Но первый мой визит к военным дознавателям был по делу нашей прапорщицы о причинении себе вреда, то есть членовредительства. И я вместе с ней отправился в военную прокуратуру, чтобы взять постановление об отказе в уголовном деле для военного госпиталя. Она была уже в летах и увлекалась алкоголем и якобы в состоянии опьянения поранилась ножом на рабочем месте случайно, при падении. Но ходили слухи, что ее поколачивал муж, с которым разводилась, и унижал на совещаниях ротный Махмудов. Два тирана довели маленькую женщину. Конечно, о статье доведение до самоубийства не могло быть речи, так как суицидальные действия военнослужащей автоматически приводили к уголовной ответственности по ст.332 УК РФ, то есть уклонение от обязанности военной службы путем членовредительства.
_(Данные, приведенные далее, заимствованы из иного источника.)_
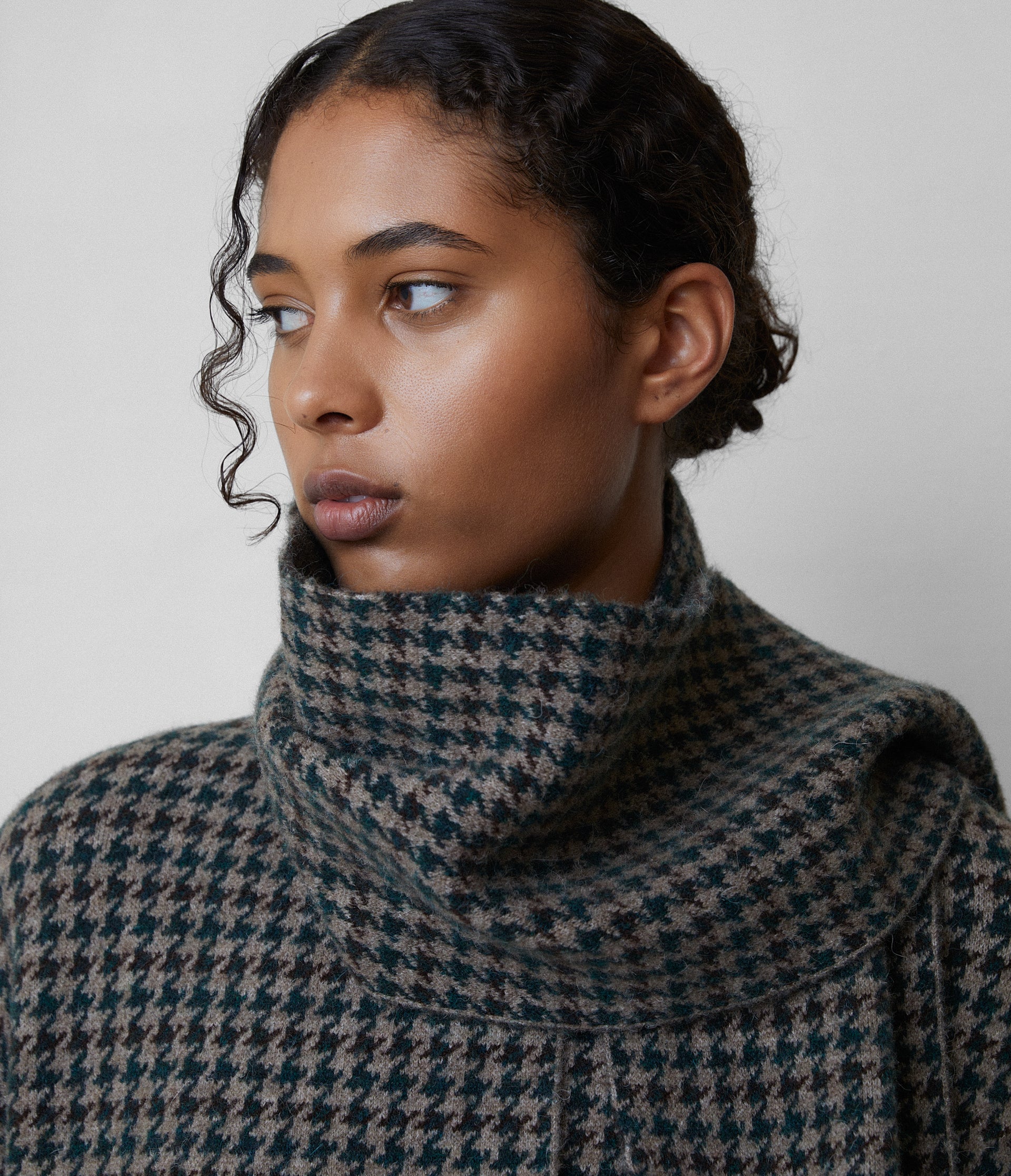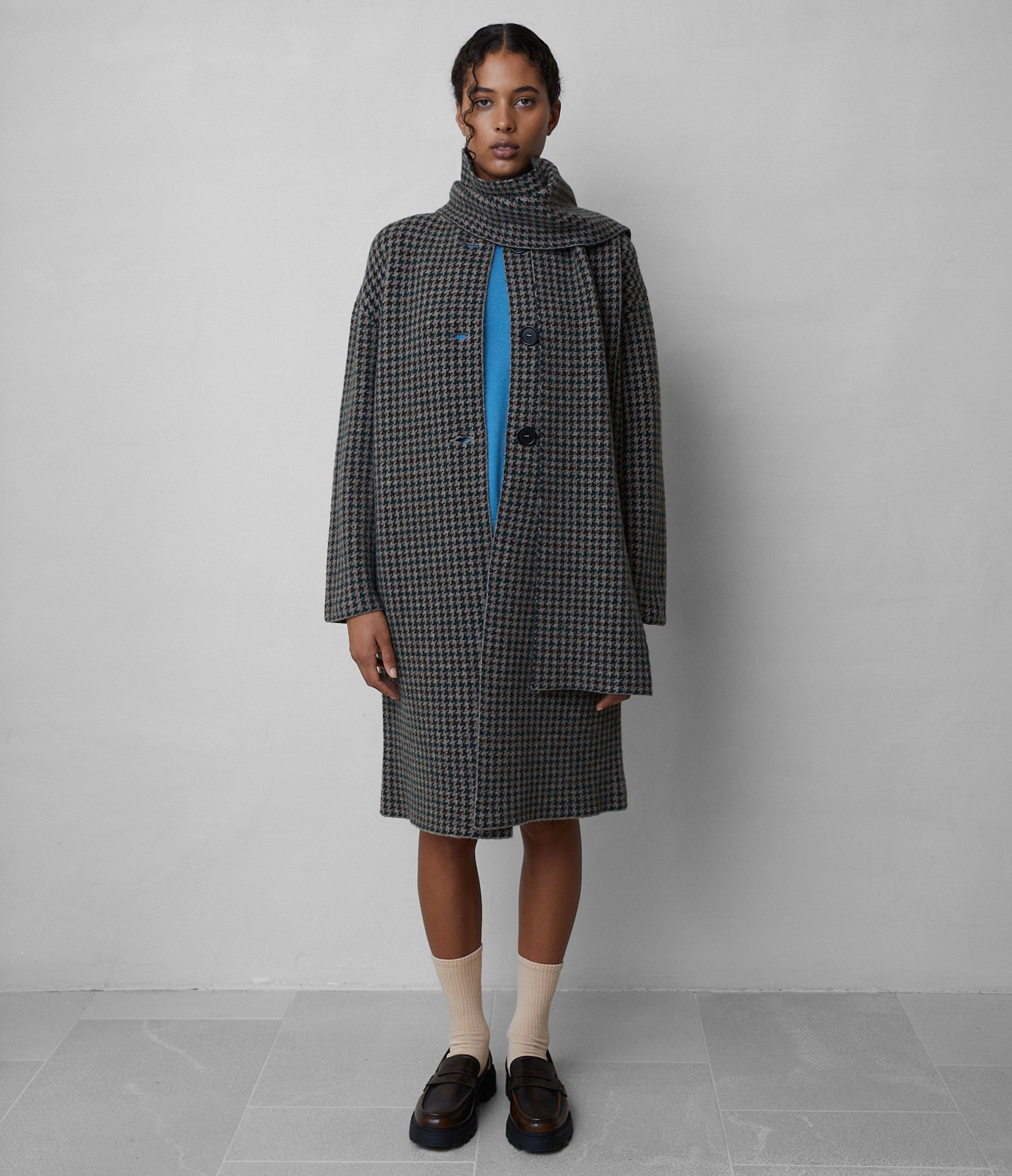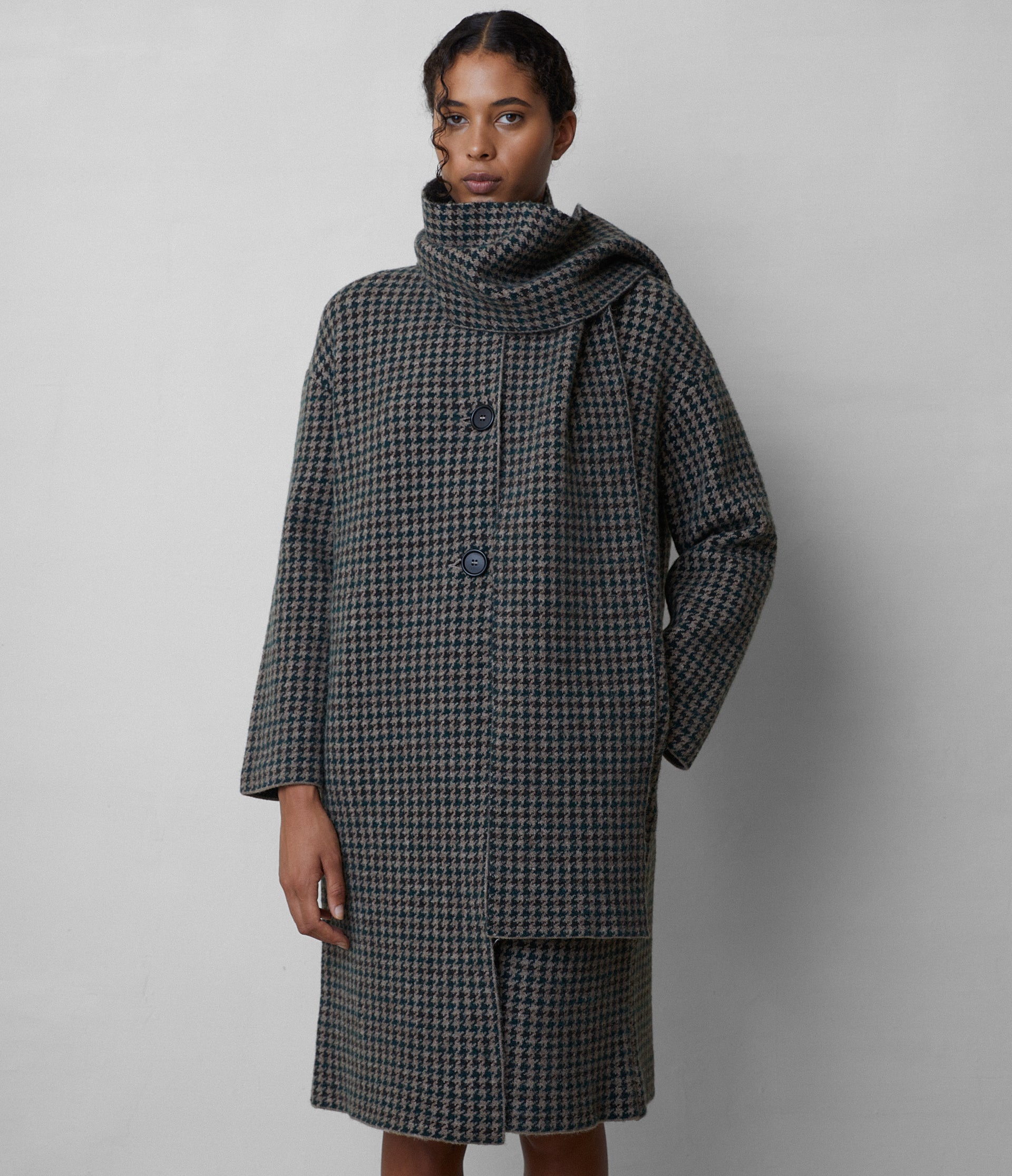 Houndstooth jacquard wool coat. Round neckline and front button closure. Attached scarf sewn at the back of the coat's collar. Side pockets.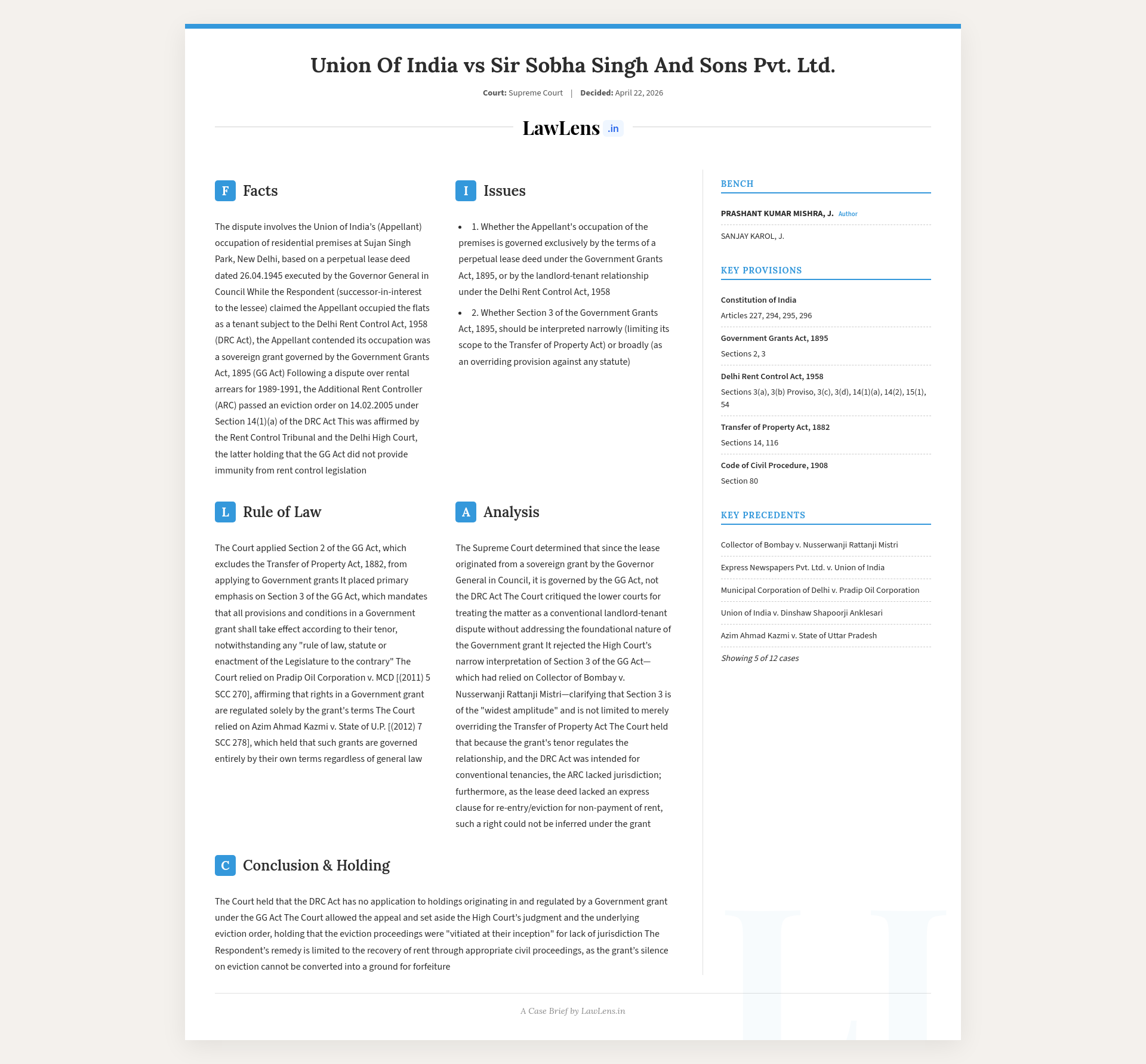 The Supreme Court held that the Union of India’s occupation of residential premises at Sujan Singh Park flowed from a Government grant and a perpetual lease, so the relationship was governed exclusively by the tenor of that grant under Section 3 of the Government Grants Act, 1895, and not by the Delhi Rent Control Act, 1958. Consequently, the eviction proceedings under Section 14(1)(a) DRC Act were without jurisdiction and stood vitiated, and the High Court’s judgment affirming those proceedings was set aside, allowing the appeal. The Court clarified that while the respondent cannot seek eviction under the DRC Act, it remains free to pursue appropriate civil remedies for recovery of rent or other reliefs strictly in accordance with the terms of the grant and general civil law.

В медроте царила панибратско-попустительская атмосфера, поощряемая еще прошлым командиром роты. Офицеры сержантов-контрактников называли по именам. Одна разведенная женщина капитан медслужбы даже встречалась с контрактником. Военнослужащие по контракту обращались к офицерам, прапорщикам и зрелым женщинам-контрактникам на «ты». Исключение составляли начмед и командир медроты, следившие за соблюдением субординации, но почему-то только к самим себе. При этом на «вы» они никого из подчиненных не называли, не позволяло непомерно раздутое «Я». Многих они, мягко говоря, не уважали, а грубо говоря, немного тиранили. В общем, нарушали устав как могли.